Dataset content.
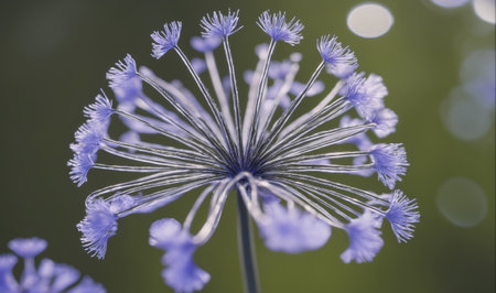 This image captures delicate purple flowers with fine stems set against a soft blue background, evoking a tranquil and ethereal feeling perfect for decor.
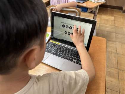 音楽の学習で、旋律のよびかけっこをしました。タブレットで旋律を作り、ペアの友達と作った旋律をまねっこしたり、つなげたりしました。楽しく呼びかけ合うような旋律になるようにいろいろな組み合わせを試して、最後には発表をしました。
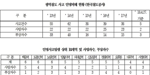 이찬열 의원이 한국철도공사로부터 제출받은 자료에 따르면, 지난 2013년 이후 올해 4월까지 광역철도에서 총 237건의 사고가 발생했고, 116명이 사망했다. 부상자수도 121명에 달했다. 역별 사상자수는 백운역, 도봉산역, 노량진역이 각각 6건으로 가장 많았고, 이어 망월사역, 외대앞역, 신도림역, 청량리역, 오류동역이 각각 5건으로 그 뒤를 이었다.
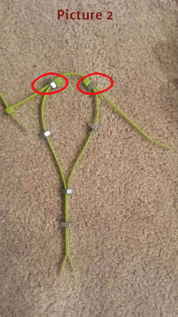 2. Enrosque los lazos zip a través de las tuercas. Asegúrese de que las cabezas de los lazos del cierre relámpago son al ras contra la amarra "L" horizontal (círculos rojos).

Work order. Reproduce the listing word for word and omit its pictures.

Written answer.
 This image captures delicate purple flowers with fine stems set against a soft blue background, evoking a tranquil and ethereal feeling perfect for decor.
 音楽の学習で、旋律のよびかけっこをしました。タブレットで旋律を作り、ペアの友達と作った旋律をまねっこしたり、つなげたりしました。楽しく呼びかけ合うような旋律になるようにいろいろな組み合わせを試して、最後には発表をしました。
 이찬열 의원이 한국철도공사로부터 제출받은 자료에 따르면, 지난 2013년 이후 올해 4월까지 광역철도에서 총 237건의 사고가 발생했고, 116명이 사망했다. 부상자수도 121명에 달했다. 역별 사상자수는 백운역, 도봉산역, 노량진역이 각각 6건으로 가장 많았고, 이어 망월사역, 외대앞역, 신도림역, 청량리역, 오류동역이 각각 5건으로 그 뒤를 이었다.
 2. Enrosque los lazos zip a través de las tuercas. Asegúrese de que las cabezas de los lazos del cierre relámpago son al ras contra la amarra "L" horizontal (círculos rojos).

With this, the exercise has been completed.